We can graph any absolute value equation of the form y=k|x-a|+h by thinking about function transformations (horizontal shifts, vertical shifts, reflections, and scalings).

## Want to join the conversation?

- What if there is a number in front of X?(inside the absolute value bars)(23 votes)
- if f(x)=|x+3|, we know that the graph need be shifted 3 units to the left of the origin. this was obtained by equating x+3 to 0, which gives us x= -3. plugging x=-3 in f(x),

f(x)=|-3+3|=0.

this is the vertex of the graph; the point(-3,0) at which the value of y is least.

if our f(x), for example, were to equal |2x+3|,

doing 2x+3=0 would give x=-3/2.

now, the vertex of the graph of our new f(x) would be (-3/2,0)(14 votes)

- What if the +2 outside of the absolute value bars is a -2?(7 votes)
- The "V" will point down instead of up because of the negative sign.(32 votes)

- what if we're taking the absolute value of 2-x?(4 votes)
- Let's try to simplify it. We have a function f(x) = |2-x|. that is the same thing as |-x+2|. Now we multiply by -1
*inside*the ||. That is totally legitimate because, well, it's a absolute value :) . So f(x) = |x-2|.(4 votes)

- I am not understanding how to do stretching by factors(5 votes)
- As I've posted before many times, have you done linear equations before?

In y = 2x, the slope is 2. For every x, we get a y that is twice as large. This causes the line to be quite steep; having a fraction makes the line less steep.

Same thing here. y = 2|x| means that for every x, y is twice as large. The V-shape is compressed. However, y=1/2|x| would be stretched out.(0 votes)

- Why does the graph get shifted to the left if the value inside the absolute value brackets is positive like if the equation is:

Y = |x+4|

Why does the function get shifted four to the left? Doesn’t that seem a bit counterintuitive and wrong? I know Sal has explained this multiple times in different videos. But i just don’t understand why. Could someone please explain this to me?(3 votes)- There are several ways I look at it. Lets do y=|x+4|+3. We can see this moves 4 units to the left and 3 up. Let's subtract 3 to get y-3=|x+4| which is the equivalent equation. Note that now both x and y do the opposite of what we might "expect," y is 3 units up and x is 4 units to the left. The other idea is to think about it like "moving the zero" even though we do not actually do this. If we choose x=4, we end up moving the 0 4+4=8 units, but if we choose x=-4, we end up with the new -4+4=0. Think also of a circle (x-h)^2+(y-k)^2=r^2, in both cases, you have to change to signs of x and y to "move the 0." You are not the first to see it as counterintuitive, but that should not lead to the conclusion that it is wrong. This may not be very satisfying to you.(2 votes)

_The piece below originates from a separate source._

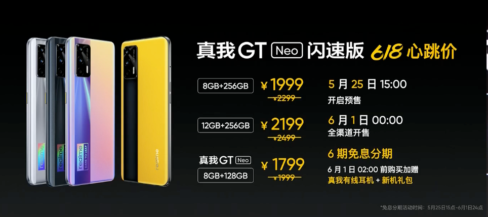 realme真我GT Neo闪速版没有128GB版本,8+256GB售价2299元,12+256GB售价2499元,现已开启618预售促销,8+256GB首销价1999元,12+256GB首销价2199元。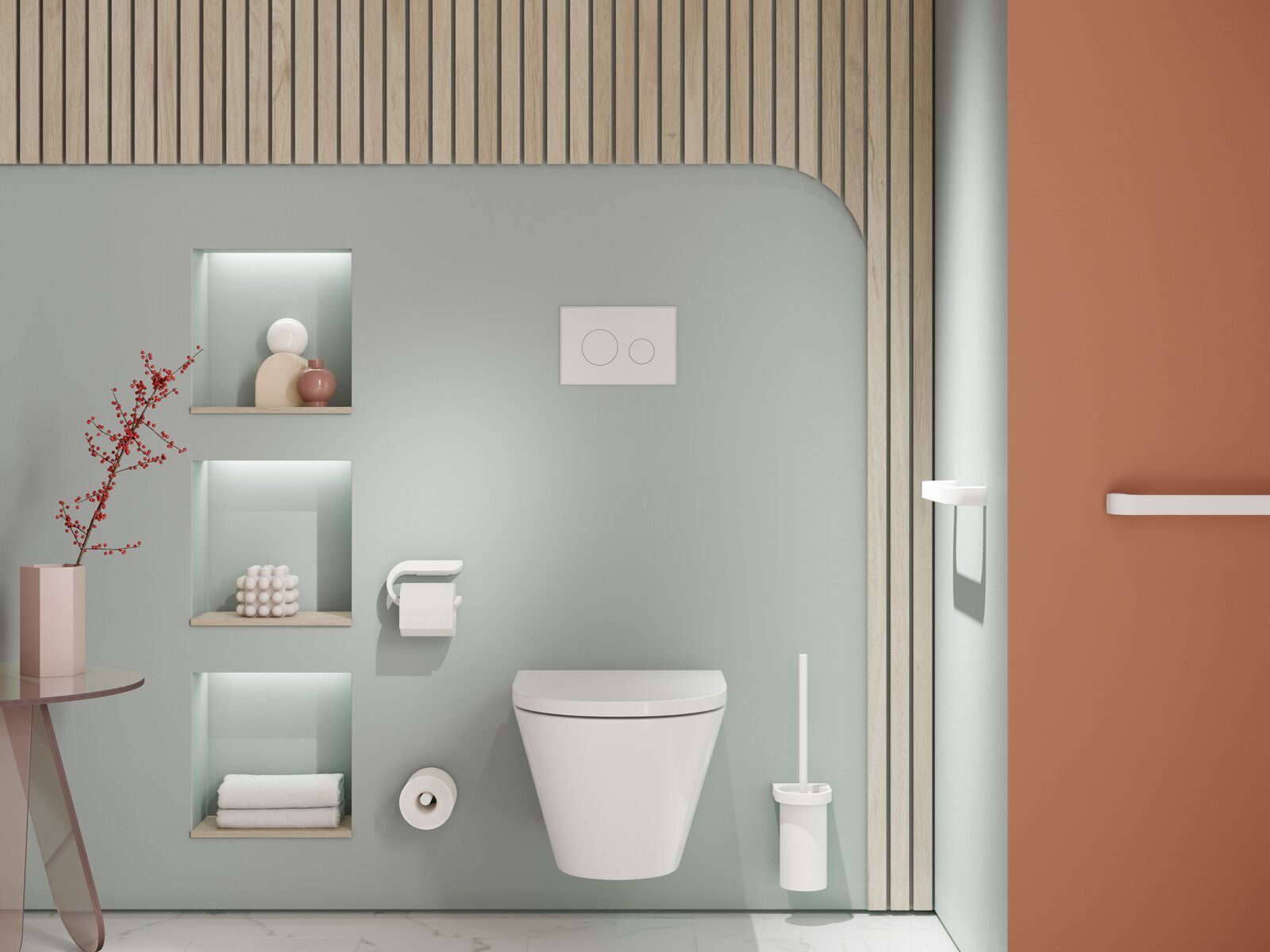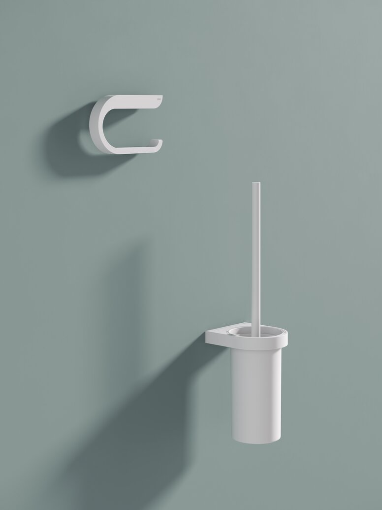 WC- Bürstengarnitur und WC-Papierhalter sind formal so reduziert wie möglich und wirken zeitlos elegant. Die neue, pulverbeschichtete Oberfläche in Weiß matt oder Schwarz matt ist haptisch ausgesprochen angenehm und fügt dem Entwurf einen emotionalen Aspekt hinzu.

- why did he move from the red to the orange color? I understand what he did, but the why is confusing and doesn't make sense. Get back soon. Thanks.(2 votes)
- He's using each color to represent a different equation and its graph. The red graph is the equation: y=|x+3|. The orange graph is the equation: y=2|x+3|.

Hope this helps.(3 votes)

- What do you do if there is a negative fraction in the absolute value. ex. |-1/2x + 3| -10?(1 vote)
- I'll assume you're asking how to graph the equation. If you have a coefficient of x inside the absolute value sign, one thing you can do is try and isolate it a little bit, by setting it as a factor to the rest of the inside of the absolute value. If you do that to this problem, you'll get this:

y = |(-1/2)(x - 6)| - 10

Now you're taking the absolute value of something (x - 6) times a negative. Because absolute value doesn't care about the sign, you can effectively just remove the negative on the 1/2. Now that the equation has been simplified to y = |1/2 (x - 6)| - 10, you can get to graphing.

For any function, if you have a coefficient inside the operation of the function (the absolute value bars in this case), it basically does the opposite of a coefficient on the outside. While a high coefficient on the outside would increase every y-value by a certain factor (vertically stretch the graph), a high coefficient on the inside would increase every x-value by a certtain factor (horizontally stretch, which makes the graph wider). Since we have a low (<1) coefficient inside the function, the graph will horizontally get squished, or vertically stretch. So our correct graph should be less steep than a normal absolute value function, and translated down and to the right.

To actually put numbers onto this, you would lookk at your equation to get the vertex of the function (6, -10) and use the positive and negative slope to draw the two parts of the function.(5 votes)

- How do I graph f(x)=-|x|(1 vote)
- with absolute value, the positive domain of x would be the same as f(x) = x and the negative domain of x would be the same as f(x) = - x. This creates the V shape of absolute value.(5 votes)

- How can you tell where the X or Y is increasing or decreasing?(2 votes)
- In general, you only care about the dependent variable increasing or decreasing ("y" in this case). It doesn't exactly make sense to think about the independent variable ("x") to be increasing or decreasing.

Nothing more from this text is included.